Makhana comes from Euryale ferox, a species of prickly water lily that grows in shallow, still freshwater ponds. The plant is extraordinary in appearance — its circular leaves can reach over a metre in diameter and are covered in sharp spines on their underside, which deter predators. The purple-blue flowers are small and unremarkable by comparison. But it's what lies beneath the surface that matters.

The seed pods develop underwater, each one containing multiple seeds (the future makhana) encased in a hard shell. A single mature plant can produce hundreds of seeds per season. In optimal conditions — warm, still, nutrient-rich water — makhana plants are remarkably productive. But they are also demanding: they require specific water depth, temperature and soil conditions, and they are highly sensitive to pollution and pesticides.

This is why Mithila's natural wetlands have remained the primary growing region for millennia. The area's floodplains, fed by rivers descending from Nepal, create exactly the low-lying, shallow-water conditions that Euryale ferox needs. It is, in a sense, a plant that belongs to this land.

The farmers and their knowledge

Makhana cultivation is not documented in any textbook. It is transmitted orally, from parent to child, across generations of farming families. The Mallah community — whose name derives from the Sanskrit word for "boatman" — have been the primary cultivators and harvesters of makhana for as far back as recorded history reaches in the region.

Their knowledge covers everything: which ponds have the right water chemistry; when to sow based on the lunar calendar and seasonal rains; how deep the water should be at each growth stage; how to read the surface of the water to know when seeds are ready for harvest; and crucially, the technique for roasting — the tightly controlled, high-heat process that transforms the hard raw seed into the light, airy makhana we eat.
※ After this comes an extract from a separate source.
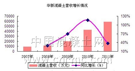 華新水泥自從2002年建成投產(chǎn),2005年建成混凝土分公司,到目前,華新旗下?lián)碛兴膫€(gè)現(xiàn)代化混凝土公司。公司配備有8條180混凝土生產(chǎn)線,220部攪拌運(yùn)輸車,日最大生產(chǎn)供貨能力可達(dá)5萬立方混凝土。在如此規(guī)模下,向混凝土行業(yè)進(jìn)軍已是順勢而為。同時(shí),2008年華新水泥的銷量僅只有58萬立方米,營收為11644萬元,混凝土銷售占比為1.83%;2011年,華新水泥的銷量已達(dá)到500萬立方米,營收為58411.75萬元,混凝土銷售占比為4.62%。憑這優(yōu)異成績,公司一直是湖北省混凝土市場的龍頭。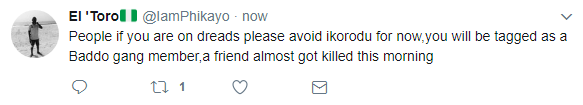A twitter user, Phikayo has revealed how his friend was almost lynched this Morning in Ikorodu by angry villagers, because he was on dreads.

That roasting process, known locally as lawa, is the most skill-intensive step. The seeds are heated in a large iron pan at very high temperature. The farmer must keep the seeds moving constantly, judging by sound and smell and the exact colour change exactly when to stop. Too early and the seed won't puff. Too late and it burns. The window is narrow, and knowing it requires years of practice.

The economics: progress and fragility

For most of its history, makhana was produced entirely for local consumption and ritual use. It was a regionally-priced commodity, and the farmers who grew it earned subsistence-level incomes. This began to change in the 1990s as urban Indian consumers became more health-conscious, and accelerated dramatically after 2015 when makhana gained international recognition as a superfood.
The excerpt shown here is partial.